Information provided:
· · · · ·

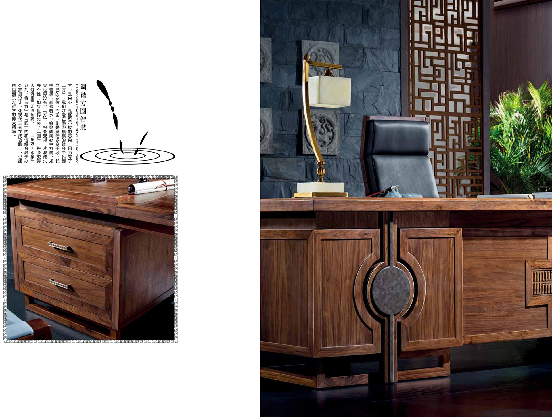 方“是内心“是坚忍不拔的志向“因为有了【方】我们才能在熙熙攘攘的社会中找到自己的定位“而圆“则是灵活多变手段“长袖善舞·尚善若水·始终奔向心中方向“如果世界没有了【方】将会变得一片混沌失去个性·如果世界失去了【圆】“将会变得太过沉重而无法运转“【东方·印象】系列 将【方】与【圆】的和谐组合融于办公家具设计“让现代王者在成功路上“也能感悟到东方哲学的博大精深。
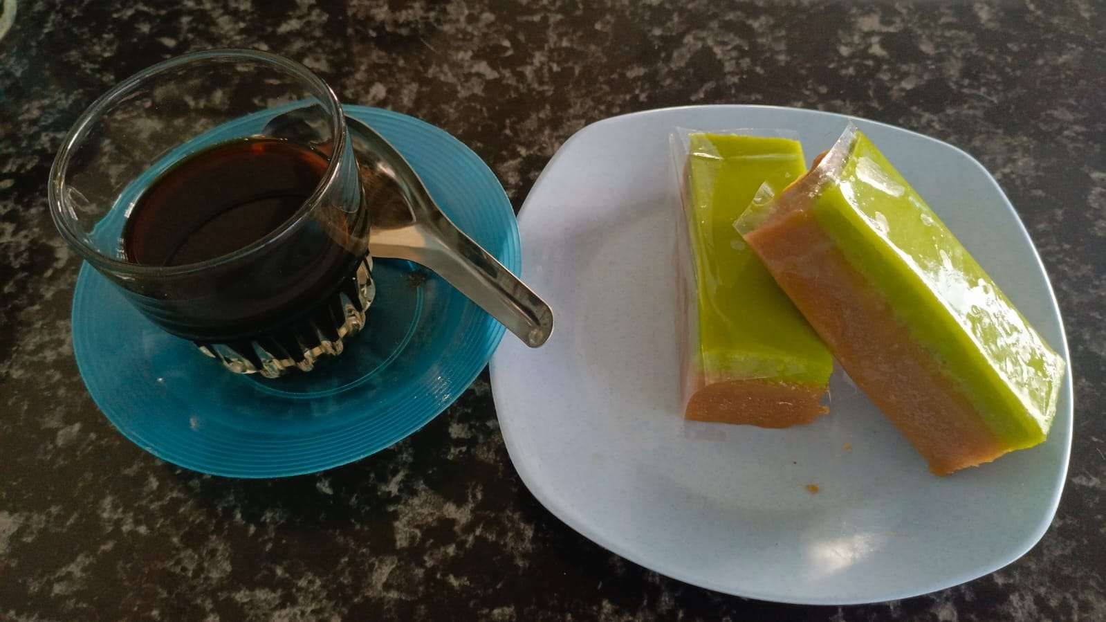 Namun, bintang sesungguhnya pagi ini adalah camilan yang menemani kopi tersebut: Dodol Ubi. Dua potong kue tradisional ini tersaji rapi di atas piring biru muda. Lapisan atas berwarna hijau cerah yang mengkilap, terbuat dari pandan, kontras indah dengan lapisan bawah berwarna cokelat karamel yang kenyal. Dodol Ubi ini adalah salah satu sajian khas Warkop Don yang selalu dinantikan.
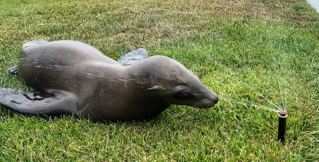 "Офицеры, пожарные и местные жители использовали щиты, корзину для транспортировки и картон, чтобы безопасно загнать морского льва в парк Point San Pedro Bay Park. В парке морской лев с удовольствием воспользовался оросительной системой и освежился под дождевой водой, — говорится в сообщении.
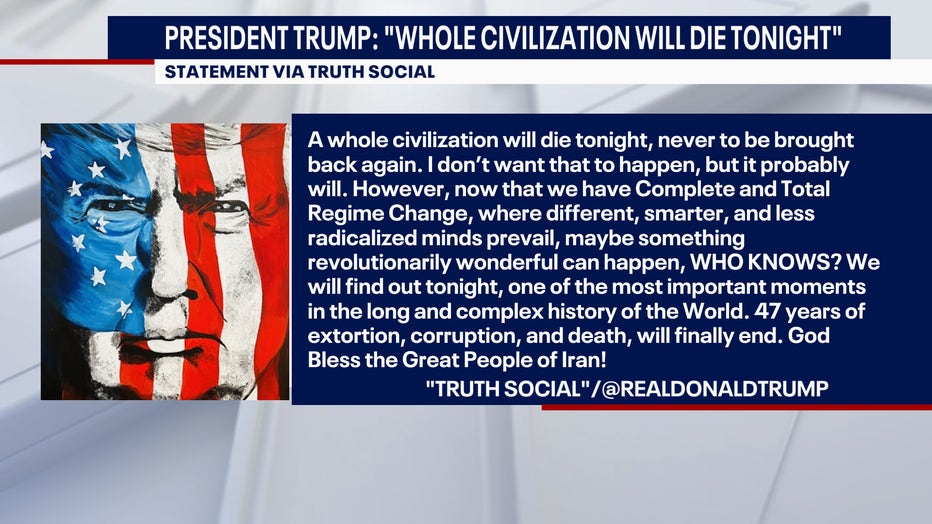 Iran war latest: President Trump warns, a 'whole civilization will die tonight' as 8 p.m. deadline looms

· · · · ·

Work to be completed: The copy should match each line above exactly and contain no images.

Final answer:
 方“是内心“是坚忍不拔的志向“因为有了【方】我们才能在熙熙攘攘的社会中找到自己的定位“而圆“则是灵活多变手段“长袖善舞·尚善若水·始终奔向心中方向“如果世界没有了【方】将会变得一片混沌失去个性·如果世界失去了【圆】“将会变得太过沉重而无法运转“【东方·印象】系列 将【方】与【圆】的和谐组合融于办公家具设计“让现代王者在成功路上“也能感悟到东方哲学的博大精深。
 Namun, bintang sesungguhnya pagi ini adalah camilan yang menemani kopi tersebut: Dodol Ubi. Dua potong kue tradisional ini tersaji rapi di atas piring biru muda. Lapisan atas berwarna hijau cerah yang mengkilap, terbuat dari pandan, kontras indah dengan lapisan bawah berwarna cokelat karamel yang kenyal. Dodol Ubi ini adalah salah satu sajian khas Warkop Don yang selalu dinantikan.
 "Офицеры, пожарные и местные жители использовали щиты, корзину для транспортировки и картон, чтобы безопасно загнать морского льва в парк Point San Pedro Bay Park. В парке морской лев с удовольствием воспользовался оросительной системой и освежился под дождевой водой, — говорится в сообщении.
 Iran war latest: President Trump warns, a 'whole civilization will die tonight' as 8 p.m. deadline looms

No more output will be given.